Several battered visages, evidently belonging to habitués of the place, were bent suspiciously in my direction; perhaps because my rig-out, though rough, had no flavour of sea-salt or river-mud, for no one took the least notice of Dorking, except the comely attendant. I waited with some curiosity for my fare, which turned out to be nothing more mysterious than a pint of coffee and one thick slice of bread and butter. Not to appear ignorant of the prices ruling, I tendered Jenny a sixpence, whereupon she returned me fourpence-halfpenny. This appeared to me so ridiculously cheap that I had not the courage to offer her the change as I had intended, nor did she seem to expect it.

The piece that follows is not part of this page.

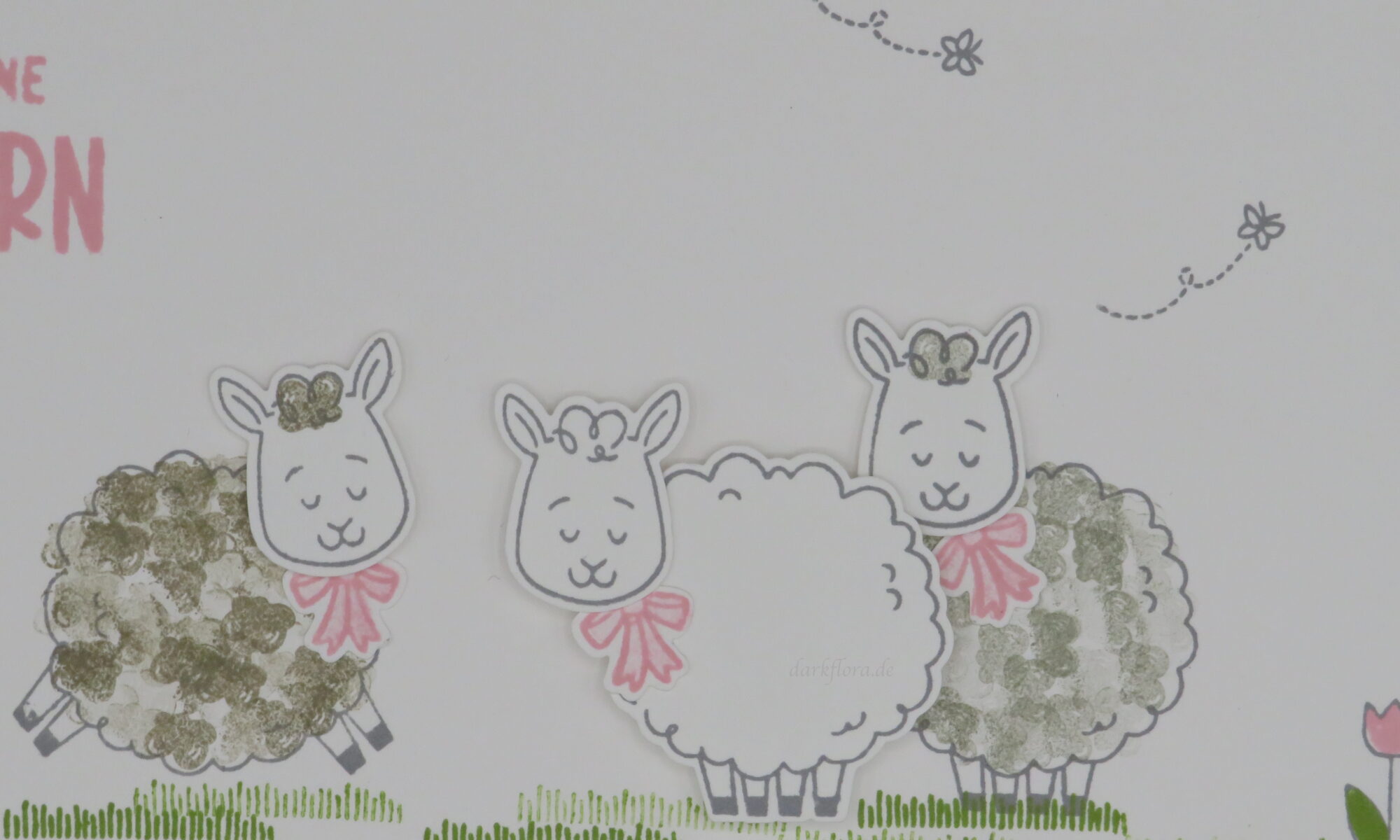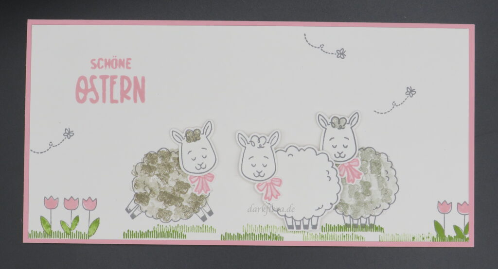 Dazu habe ich ein paar Blümchen und Schmetterlinge gestempelt, damit die Schafherde auf einer schönen Wiese steht.
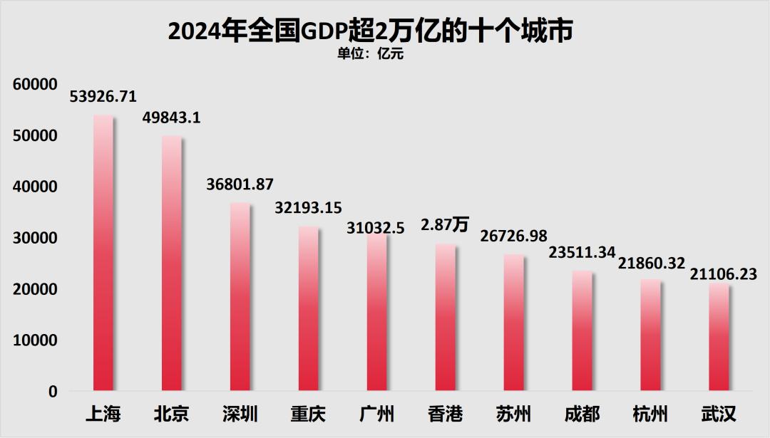 必须要抬高,本号认为,未来十年2万亿应该视作一个门槛。目前,全国GDP超两万亿的有10个城市,上海、北京、深圳、重庆、广州、香港、苏州、成都、杭州、武汉。

The pint of coffee was served in one great hulking cup such as Gargantua might have quaffed. I took a sip, and found it of the flavour of chalybeate springs. But it was hot, and I made shift to drink a little, casting furtive glances at Dorking, three boxes off across the gangway.

My gentleman sailor seemed quite at home, swallowing stolidly as though at his own breakfast-table. I grew impatient for him to have done, and beguiled the time by studying a placard on the wall offering a reward for information as to the whereabouts of a certain ship's cook who was wanted for knifing human flesh. And presently, curiously enough, in comes a police-sergeant on this very matter, and out goes Dorking (rather hastily, I thought), with me at his heels.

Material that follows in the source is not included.